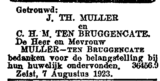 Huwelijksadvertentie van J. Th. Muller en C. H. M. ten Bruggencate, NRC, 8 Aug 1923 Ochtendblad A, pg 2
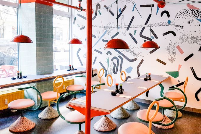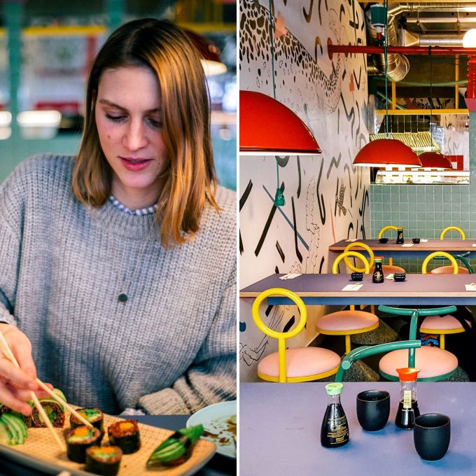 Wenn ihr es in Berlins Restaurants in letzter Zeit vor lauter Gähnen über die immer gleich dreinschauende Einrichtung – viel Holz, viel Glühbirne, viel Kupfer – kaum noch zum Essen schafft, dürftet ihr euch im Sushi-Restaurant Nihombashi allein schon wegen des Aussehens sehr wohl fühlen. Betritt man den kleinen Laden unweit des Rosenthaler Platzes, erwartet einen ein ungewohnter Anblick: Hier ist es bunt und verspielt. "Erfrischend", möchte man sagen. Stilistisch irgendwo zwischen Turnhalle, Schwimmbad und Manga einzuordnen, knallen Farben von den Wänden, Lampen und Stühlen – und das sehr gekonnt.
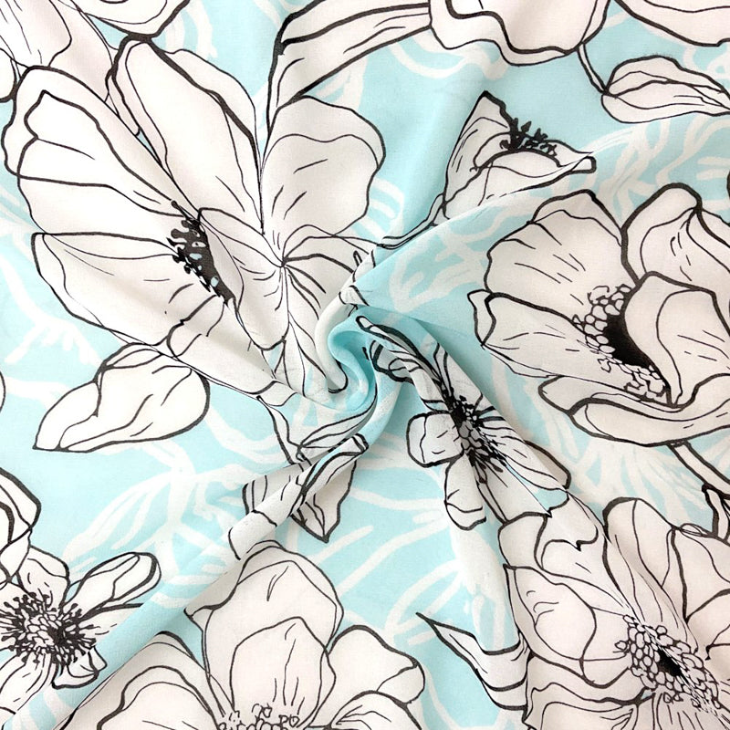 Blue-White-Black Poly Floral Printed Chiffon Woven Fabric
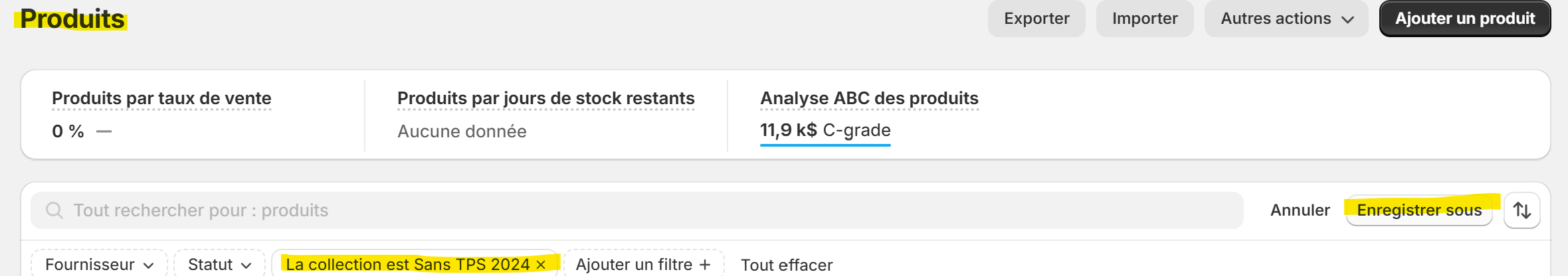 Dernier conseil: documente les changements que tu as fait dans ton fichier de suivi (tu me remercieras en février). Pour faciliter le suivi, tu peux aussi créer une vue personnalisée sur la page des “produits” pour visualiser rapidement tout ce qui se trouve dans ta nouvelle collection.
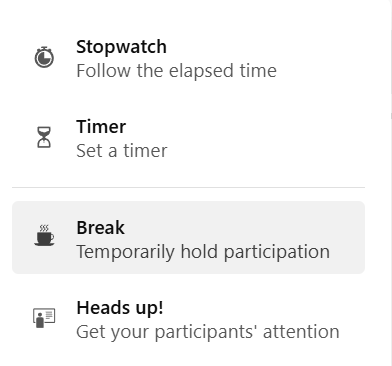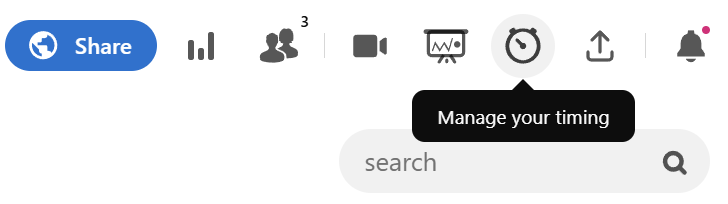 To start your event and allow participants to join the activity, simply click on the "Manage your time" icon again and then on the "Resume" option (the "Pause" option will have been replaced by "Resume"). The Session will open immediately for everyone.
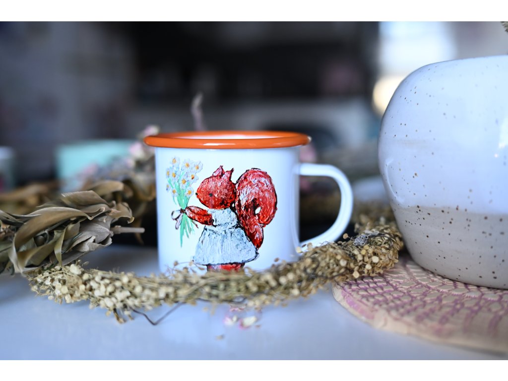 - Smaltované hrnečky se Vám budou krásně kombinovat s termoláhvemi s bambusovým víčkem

______________________________

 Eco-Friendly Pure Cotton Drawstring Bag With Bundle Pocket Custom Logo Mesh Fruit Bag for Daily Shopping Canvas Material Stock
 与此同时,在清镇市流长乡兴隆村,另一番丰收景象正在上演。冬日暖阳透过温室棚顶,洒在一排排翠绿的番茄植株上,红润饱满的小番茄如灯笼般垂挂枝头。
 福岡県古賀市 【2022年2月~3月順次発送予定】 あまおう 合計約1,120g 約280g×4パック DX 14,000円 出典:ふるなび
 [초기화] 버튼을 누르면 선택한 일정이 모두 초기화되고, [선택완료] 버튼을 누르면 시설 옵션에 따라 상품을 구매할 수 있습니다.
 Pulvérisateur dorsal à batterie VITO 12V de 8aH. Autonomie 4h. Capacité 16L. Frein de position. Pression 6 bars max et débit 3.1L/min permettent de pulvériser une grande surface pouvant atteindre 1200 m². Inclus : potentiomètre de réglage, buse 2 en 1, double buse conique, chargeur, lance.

______________________________

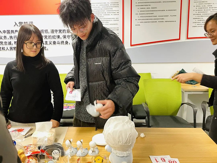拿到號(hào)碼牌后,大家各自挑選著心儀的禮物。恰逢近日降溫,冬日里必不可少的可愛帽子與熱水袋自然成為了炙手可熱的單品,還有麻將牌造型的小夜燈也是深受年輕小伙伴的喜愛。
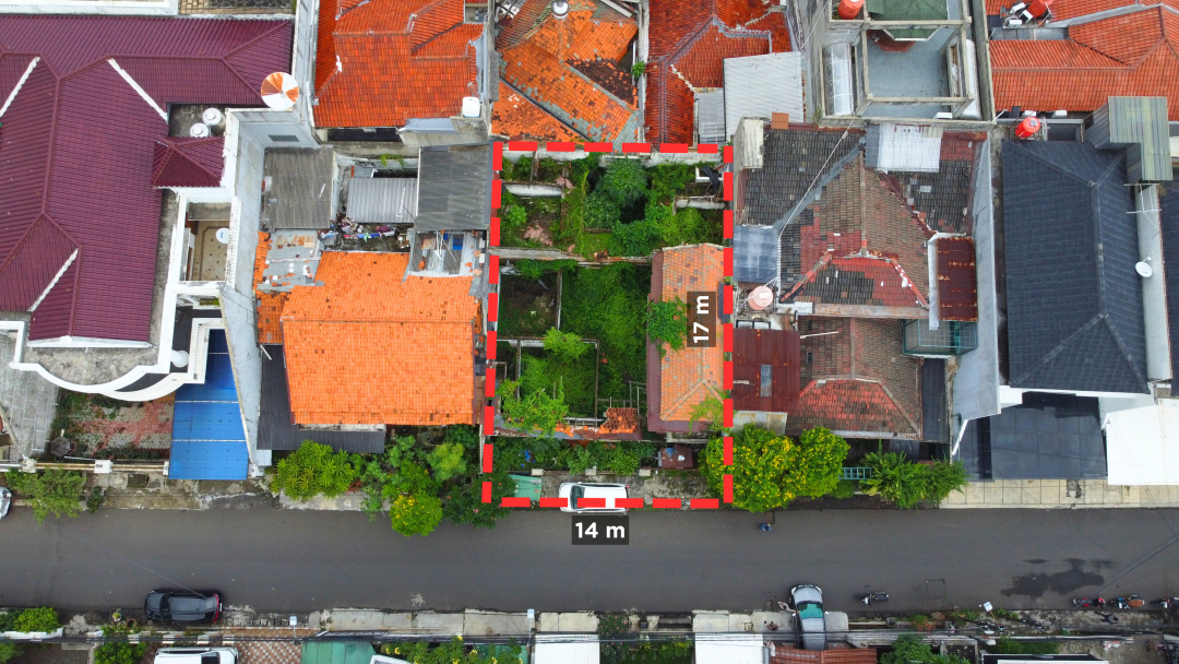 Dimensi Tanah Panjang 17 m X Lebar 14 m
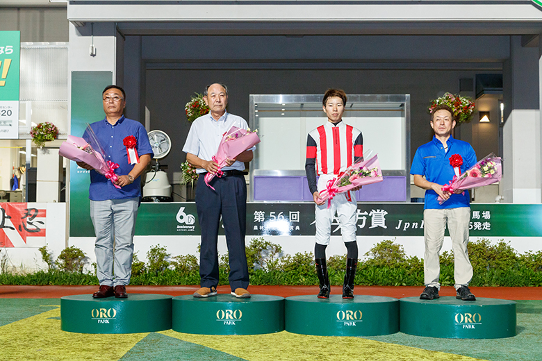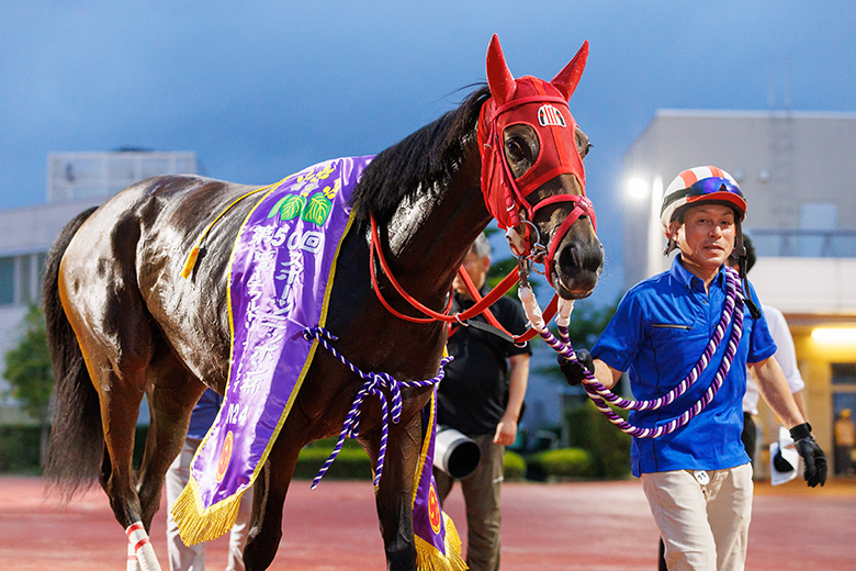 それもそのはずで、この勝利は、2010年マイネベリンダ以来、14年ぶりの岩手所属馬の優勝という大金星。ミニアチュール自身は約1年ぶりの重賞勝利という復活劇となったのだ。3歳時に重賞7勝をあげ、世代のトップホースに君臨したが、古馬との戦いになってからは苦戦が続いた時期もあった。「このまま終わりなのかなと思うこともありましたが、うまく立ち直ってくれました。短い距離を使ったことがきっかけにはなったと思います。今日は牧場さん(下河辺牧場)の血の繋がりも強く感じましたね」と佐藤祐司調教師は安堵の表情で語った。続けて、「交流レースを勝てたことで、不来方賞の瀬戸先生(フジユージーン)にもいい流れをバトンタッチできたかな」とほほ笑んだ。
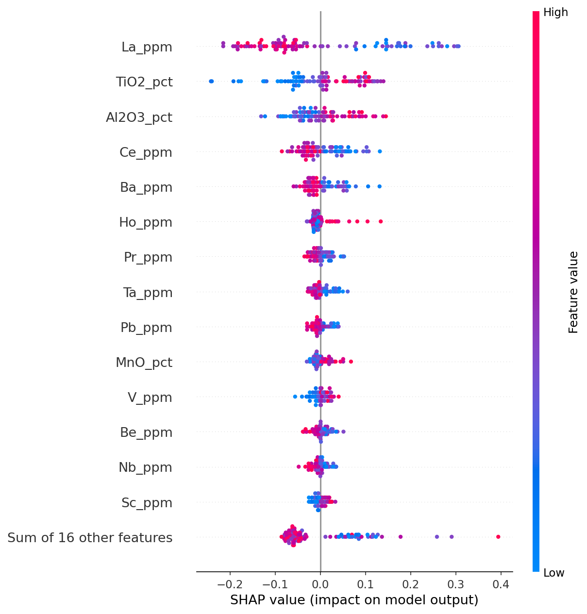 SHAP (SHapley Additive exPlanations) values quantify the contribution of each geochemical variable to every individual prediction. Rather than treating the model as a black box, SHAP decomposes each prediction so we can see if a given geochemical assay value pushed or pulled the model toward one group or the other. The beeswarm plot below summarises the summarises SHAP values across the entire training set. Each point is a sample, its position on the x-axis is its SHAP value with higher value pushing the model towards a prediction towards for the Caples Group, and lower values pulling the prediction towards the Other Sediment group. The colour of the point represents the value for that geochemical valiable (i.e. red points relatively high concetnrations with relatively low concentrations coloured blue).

______________________________

> [DIRECTIONS FOR THIS TASK]: Please print the lines above word for word, starting at the one with "拿到號(hào)碼牌后,大家" and ending at the one with "Dimensi Tanah Panjang 17 m X Lebar 14 m", both included, and without any picture.

> [SOLVED PROBLEM]:
拿到號(hào)碼牌后,大家各自挑選著心儀的禮物。恰逢近日降溫,冬日里必不可少的可愛帽子與熱水袋自然成為了炙手可熱的單品,還有麻將牌造型的小夜燈也是深受年輕小伙伴的喜愛。
 Dimensi Tanah Panjang 17 m X Lebar 14 m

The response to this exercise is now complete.